198 savings accounts now keep up with inflation

Updated: 
cashInflation fell again this week. This is great news for savers as it means that more accounts now offer an inflation-matching return at the very least.

It's been a tough few years for savers.

The Bank of England's base rate has been held at an astonishingly low level for three years now, while prices have risen at a relatively fast rate. In other words, inflation has been very high when compared to interest rates.

As a result, it's been hard for savers to find accounts that keep up with inflation let alone beat it.

Good news
So I was very pleased to see this week's news that the Consumer Prices Index measure of inflation had fallen to 2.5% in August, down from 2.6% in July, and 5.2% last September.

That means that a basic rate taxpayer only needs to find an account paying 3.12% to keep up with inflation. Once you've paid 20% income tax on 3.12% interest, you'll end up with a 2.5% return.


Of course, if you go for a Cash ISA, you won't have to pay any income tax, so an ISA paying 2.5% will do the business for you.

The really good news is that there are now 198 savings accounts that enable basic rate taxpayers to keep up with inflation even after they've paid income tax, according to Moneyfacts.

The top accounts
So let's take a look at the best of those accounts.

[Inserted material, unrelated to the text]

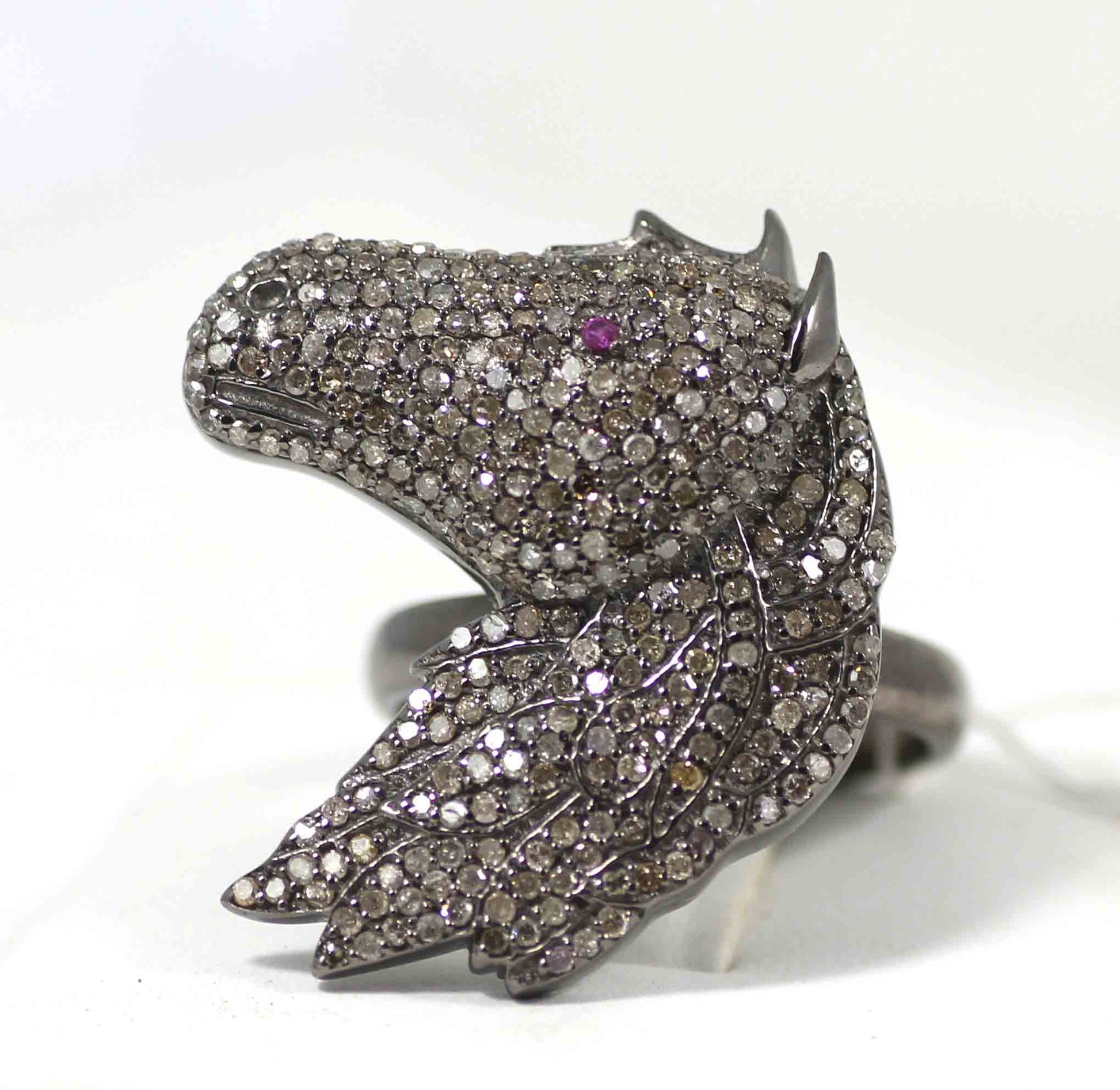 Horse Silver Pave Diamond Ring .925 Oxidized Sterling Silver Diamond Ring, Genuine handmade pave diamond Ring Size Approx 1.20"(30x26 MM)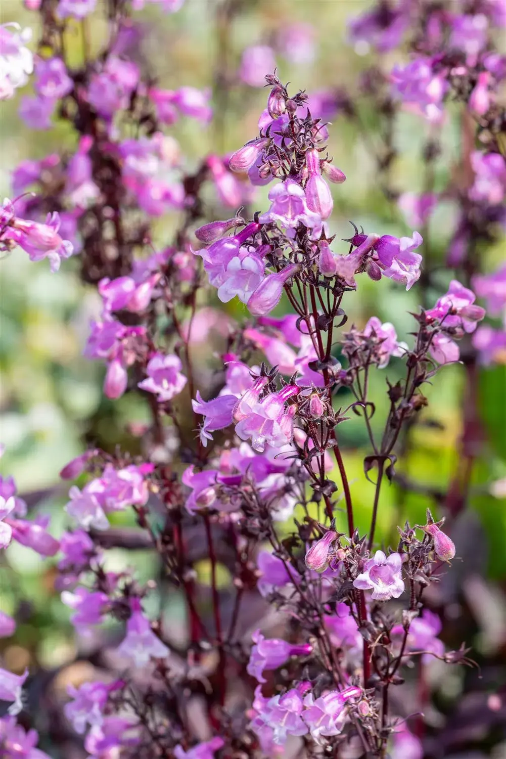 Penstemon digitalis 'Midnight Masquerade' forms tubular, lilac-coloured flowers arranged in panicles from July.

Sadly even after the fall in inflation, there are no instant access savings accounts that match inflation after tax, so I'll start with some one-year fixed rate bonds.

If you're prepared to lock your money away for a year, you could get a 3.35% return if you put your cash in the BLME 1 year Premier Deposit account. That's assuming you have a spare £25,000 to put in a savings account, as that's the minimum balance for the account.

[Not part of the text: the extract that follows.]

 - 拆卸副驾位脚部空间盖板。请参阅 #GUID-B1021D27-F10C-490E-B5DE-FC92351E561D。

If you don't have that kind of money, the Post Office Growth Bond (Issue 18) has a much lower minimum balance at £500 and will pay you 3.25% for a one-year bond.

As ever with savings accounts, you'll get a better return if you're willing to lock your money away for two years. Once again, the top-paying bond comes from BLME, but you can also get a great 3.5% rate from United Bank. This account has a £2,000 minimum balance.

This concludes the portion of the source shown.